½ cup (1 stick) unsalted butter, at room temperature
½ cup granulated sugar
1 tablespoon finely grated orange, lemon, or lime zest
1 large egg
1 teaspoon pure vanilla extract
½ teaspoon kosher salt
1¾ cups all-purpose flour, spooned and leveled, plus more for the work surface
decorating sugar (optional)
Sat fat 1g
How to Make It
Line 2 baking sheets with parchment. Using an electric mixer, beat the butter, granulated sugar, and zest on medium-high until light and fluffy, 2 to 3 minutes. Beat in the egg, then the vanilla and salt.

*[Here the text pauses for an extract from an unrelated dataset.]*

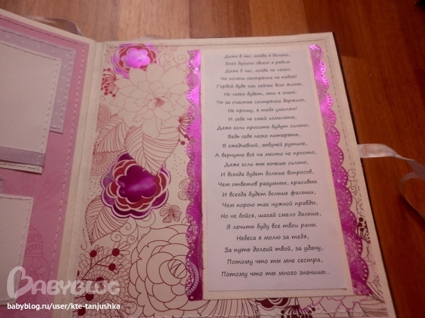 Ну а на последней страничке я решила разместить стишок, который очень точно отражает то что я испытываю по отношению к сестре

Reduce mixer speed to low and gradually add the flour, mixing until just combined (do not overmix). Shape into a 1-inch-thick disk, wrap in plastic wrap, and refrigerate for at least 2 hours and up to 3 days.
Heat oven to 350° F. On a floured surface, roll the dough ¼ inch thick. Using lightly floured 2- to 3-inch cookie cutters, cut the dough into shapes, flouring the cutters and rerolling the scraps as necessary. Place the cookies 1 inch apart on the prepared baking sheets. Sprinkle with decorating sugar, if using.
Bake the cookies, rotating the baking sheets halfway through, until the edges just begin to brown, 12 to 15 minutes. Let cool slightly on the baking sheets, then transfer to a wire rack to cool completely.